Sébastien Lecornu a présenté vendredi les grandes lignes d'une nouvelle mouture du projet de loi de finances (PLF) pour 2026, qu'il a présenté comme un texte d'équilibre sans dire comment il entendait le faire adopter, au lendemain de la suspension par le gouvernement des débats budgétaires à l'Assemblée nationale.

"Le gouvernement ne renoncera pas au compromis", a dit le Premier ministre sur le perron de Matignon, après avoir dénoncé "une stratégie cynique et profondément délibérée" de blocage de la part d'une partie des députés, visant La France insoumise (extrême gauche) et le Rassemblement national (extrême droite).

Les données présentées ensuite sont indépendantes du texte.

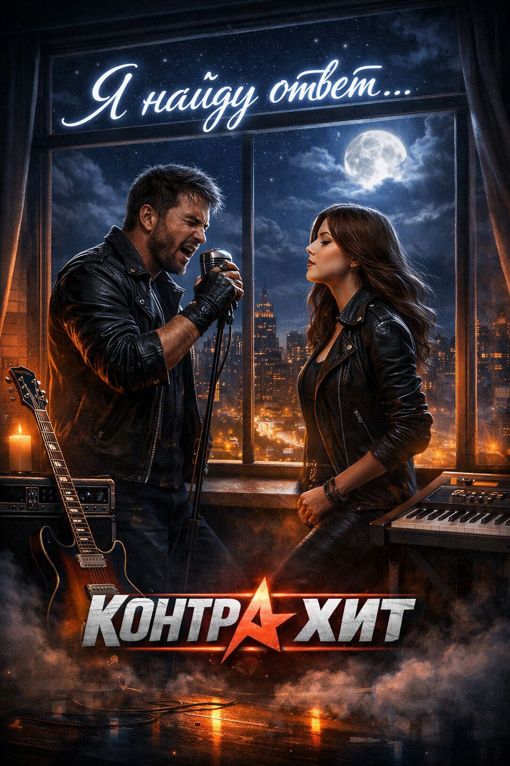 Male and Female duet, Gritty raspy masculine baritone, Soft airy female vocal, Tempo 208 BPM, straight 4/4 rock rhythm, hypnotic and steady with no swing, Strong kick on beats 4 and 4, snare on 2 and 4, Minimal cymbal work, Bass: Deep, warm, melodic electric bass with a steady, driving eighth-note pulse, Guitars: Two clean electric guitars with subtle chorus/flanger effects, One plays sparse, open chord arpeggios; the other adds tight, rhythmic stabs and occasional single-note melodic lines to accent vocals, Keys/Synths: Dance pad or analog synth layering in choruses and bridge, creating a nocturnal, cinematic mood, Vocals: closely following existing lyrics, Tone should be understated, slightly husky, Avoid preacher-style intonation; keep it melodic and minimal, Dance Eurodance, 2026s Slap House, Melodic Pop Chorus, Rhythmic Rap Verse, Spoken Word, Deep Bass, Synthesizer, guitar, synth, pop, rap, drum and bass

"Nous continuerons de travailler avec les groupes parlementaires qui ont le courage de faire passer l'intérêt général avant leurs intérêts partisans", a poursuivi Sébastien Lecornu, assurant que le nouveau projet de budget "est meilleur, il peut rassembler et il est, je le crois, responsable".

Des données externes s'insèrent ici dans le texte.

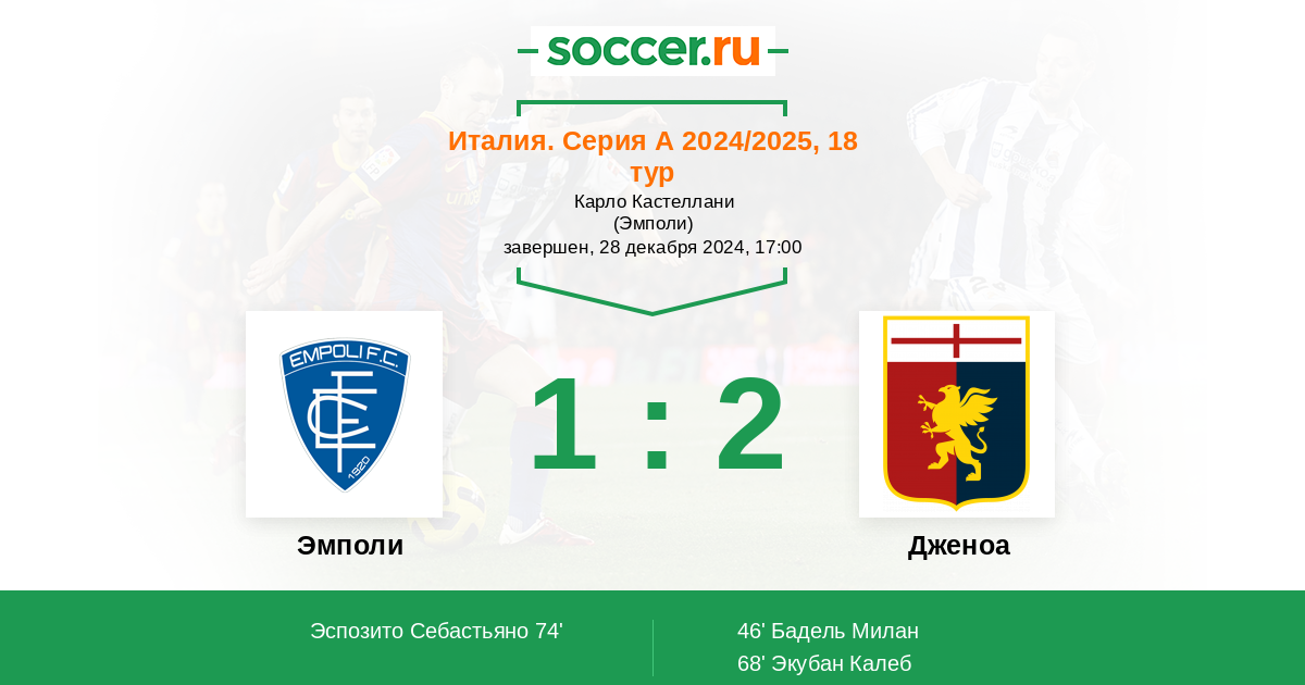 Италия. Серия А 26.08.2018 Дженоа Логотип футбольный клуб Дженоа (Генуя) 2:1 Логотип футбольный клуб Эмполи Эмполи

"Il traduit des choix politiques, il n'obéit pas à la seule logique comptable, il conforte des engagements pour la France, il respecte le travail, les efforts et les attentes de nos concitoyens."

Sur la question du pouvoir d'achat des travailleurs, le Premier ministre a notamment annoncé le maintien et même une réforme de la prime d'activité, ce qui permettra selon lui à quelque trois millions de foyers qui gagnent le SMIC ou un peu plus que le SMIC de "gagner plus".

Il a aussi écarté une "année blanche" pour l'impôt sur le revenu, qui aurait rendu imposables de nouveaux ménages, en promettant la revalorisation du barème "pour que l'inflation ne se transforme pas en augmentation masquée de cet impôt".

Vantant un budget de "compromis" et de "bon sens", Sébastien Lecornu a exclu toute mesure affectant négativement l'apprentissage des jeunes, les allocations pour les personnes en situation de handicap, les allocations sur le logement ou encore les bourses étudiantes.

Après d'ultimes négociations avec le Parti socialiste (PS), le Premier ministre a confirmé l'instauration d'un "repas à 1€ au restaurant universitaire" dès le mois de mai et la création de 2.000 postes dans l'éducation nationale.

Sur le réseau social X, le PS a jugé après les déclarations du Premier ministre que sa méthode avait "payé", tout en ajoutant que ce budget n'est pas le sien et reste insuffisant mais que "les avancées sont réelles".

Le président de la commission des finances de l’Assemblée nationale, Eric Coquerel (LFI) a lui dénoncé sur BFMTV "des concessions qui sont très minimes" et l'absence d'annonces sur les recettes.

49.3 OU ORDONNANCES ?

Sébastien Lecornu a également promis des investissements pour soutenir la construction de logements neufs et le maintien pour les logements anciens de "ma prime rénov", jugeant ce dispositif "utile et efficace", même s'il convient selon lui de lutter davantage "contre les abus et les détournements encore trop nombreux".

En pleine crise agricole, Sébastien Lecornu a répété que "les engagements pris par le gouvernement et la ministre (de l'Agriculture) ces derniers jours seront tenus", ajoutant que "la crise que nous connaissons justifie d'ailleurs pleinement de ne pas voir les débats au Parlement s'enliser".

Pour tenir l'objectif d'un déficit budgétaire ne dépassant pas 5% du produit intérieur brut (PIB), le chef du gouvernement a promis des économies, y compris de la part des collectivités territoriales, tout en disant rejeter "la baisse des moyens de fonctionnement des communes de près de 20% (...) votée cette semaine à l'initiative du Rassemblement national".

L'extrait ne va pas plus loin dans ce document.